The Village at the Edge of the World
Brevig Mission sits on the southern shore of the Seward Peninsula in western Alaska, roughly forty miles northeast of Nome, fronting the Bering Strait. In 1918 it was known as Teller Mission, named for U.S. Senator Henry Teller. The village had been established in the 1890s around a Lutheran mission and a reindeer herding program. Its population was Inupiat, the indigenous people of coastal Alaska and the Bering Strait region, who had lived along this coast for thousands of years. In November 1918, about eighty people called it home.
The nearest significant settlement was Nome, some forty miles by sea. Nome had grown explosively during the gold rush that began in 1899, and by 1918 it was still a busy supply hub with steamship connections to the outside world. Teller Mission depended on Nome for trade goods and mail. What Nome had in November 1918, Teller Mission would have within days of the next boat arriving.
The Reverend Tollef Larson Brevig, the Norwegian Lutheran missionary after whom the village would eventually be renamed, had arrived in 1894. He and his wife Julia stayed for years, learning the Inupiat language and documenting village life. By 1918, Brevig himself had long since returned to the United States. The mission continued under new leadership. The village was quiet. The world war was ending. And somewhere in the shipping chain connecting Nome to the outside world, the influenza was moving.
The Flu That Arrived by Mail Boat
The 1918 influenza pandemic is often called the Spanish flu, a misnomer born from wartime censorship. Spain, neutral in the war, had a free press that reported freely on the outbreak. The warring nations did not. The name stuck, but the virus originated elsewhere and spread through military troop movements across three continents before reaching the general population in devastating waves.
By November 1918, the pandemic's second wave had already killed hundreds of thousands in Europe and the continental United States. It was unlike any flu the world had seen. The 1918 virus killed not just the elderly and very young, as seasonal influenza typically does, but overwhelmingly attacked healthy adults between twenty and forty years old. In some cases patients died within hours of their first symptoms. In others, the lungs filled with fluid over two to five days, followed by cyanosis and suffocation. The immune system's own response, a cytokine storm, was often what killed young, strong bodies.

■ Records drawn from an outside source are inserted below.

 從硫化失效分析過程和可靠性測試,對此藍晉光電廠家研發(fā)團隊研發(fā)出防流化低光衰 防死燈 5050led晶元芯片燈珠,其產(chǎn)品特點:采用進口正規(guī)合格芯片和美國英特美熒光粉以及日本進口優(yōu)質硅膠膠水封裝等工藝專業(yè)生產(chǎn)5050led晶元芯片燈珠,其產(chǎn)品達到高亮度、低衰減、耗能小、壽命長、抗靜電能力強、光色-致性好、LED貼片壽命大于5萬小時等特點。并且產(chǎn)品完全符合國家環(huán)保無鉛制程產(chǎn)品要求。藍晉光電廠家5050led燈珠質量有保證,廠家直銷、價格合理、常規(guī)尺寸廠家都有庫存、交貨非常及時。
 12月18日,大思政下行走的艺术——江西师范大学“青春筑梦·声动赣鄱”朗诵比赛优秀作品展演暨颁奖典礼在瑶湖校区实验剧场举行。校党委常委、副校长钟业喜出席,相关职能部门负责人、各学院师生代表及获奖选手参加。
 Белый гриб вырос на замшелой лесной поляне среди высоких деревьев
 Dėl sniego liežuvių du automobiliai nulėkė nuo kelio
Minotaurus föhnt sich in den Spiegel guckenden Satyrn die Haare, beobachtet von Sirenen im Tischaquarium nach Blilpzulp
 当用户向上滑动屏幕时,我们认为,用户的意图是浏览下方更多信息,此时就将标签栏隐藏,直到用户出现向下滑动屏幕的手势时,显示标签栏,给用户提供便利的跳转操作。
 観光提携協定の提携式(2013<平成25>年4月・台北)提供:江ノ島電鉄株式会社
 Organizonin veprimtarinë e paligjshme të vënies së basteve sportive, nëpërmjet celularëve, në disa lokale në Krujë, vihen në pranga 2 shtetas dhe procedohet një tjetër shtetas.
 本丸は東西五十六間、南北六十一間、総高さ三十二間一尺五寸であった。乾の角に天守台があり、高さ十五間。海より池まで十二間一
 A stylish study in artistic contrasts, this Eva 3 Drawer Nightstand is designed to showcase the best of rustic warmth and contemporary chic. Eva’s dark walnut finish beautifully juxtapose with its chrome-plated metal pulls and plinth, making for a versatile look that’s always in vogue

In mid-November, a mail boat arrived in Teller Mission from Nome. The precise cargo of the flu's arrival is not recorded. Whether it came through handling a parcel, a handshake with a crew member, or contact with a package from the outside world, no one documented. What is documented is what happened afterward. Within five days, 72 of the village's 80 residents were dead. Eight people survived, most of them children.
| Detail | Figure |
|---|---|
| Village population | ~80 people |
| Deaths in 5 days | 72 |
| Mortality rate | ~90% |
| Survivors | 8 (mostly children) |
| Global 1918 flu deaths | Estimated 50–100 million |
| U.S. death toll | ~675,000 |
| Alaska Native death rate | Estimated 40x higher than non-Native Alaskans |
Ninety percent. In the broader context of the 1918 pandemic, which killed roughly two to three percent of those it infected globally, Teller Mission's mortality rate was catastrophic even by the standards of the worst-hit communities. Gold miners from Nome were reportedly among those who came to dig the mass grave. The bodies were interred in the permafrost. White wooden crosses were placed to mark them. The village, in effect, ceased to exist as a functioning community. It was rebuilt afterward by the few survivors and by Inupiat people who resettled from surrounding areas.
Why Alaska Was So Devastated
Alaska Native communities throughout the territory suffered mortality rates dramatically higher than the non-Native population during the 1918 pandemic. Estimates suggest Alaska Natives died at roughly forty times the rate of non-Native Alaskans. The reasons were biological, geographic, and structural simultaneously.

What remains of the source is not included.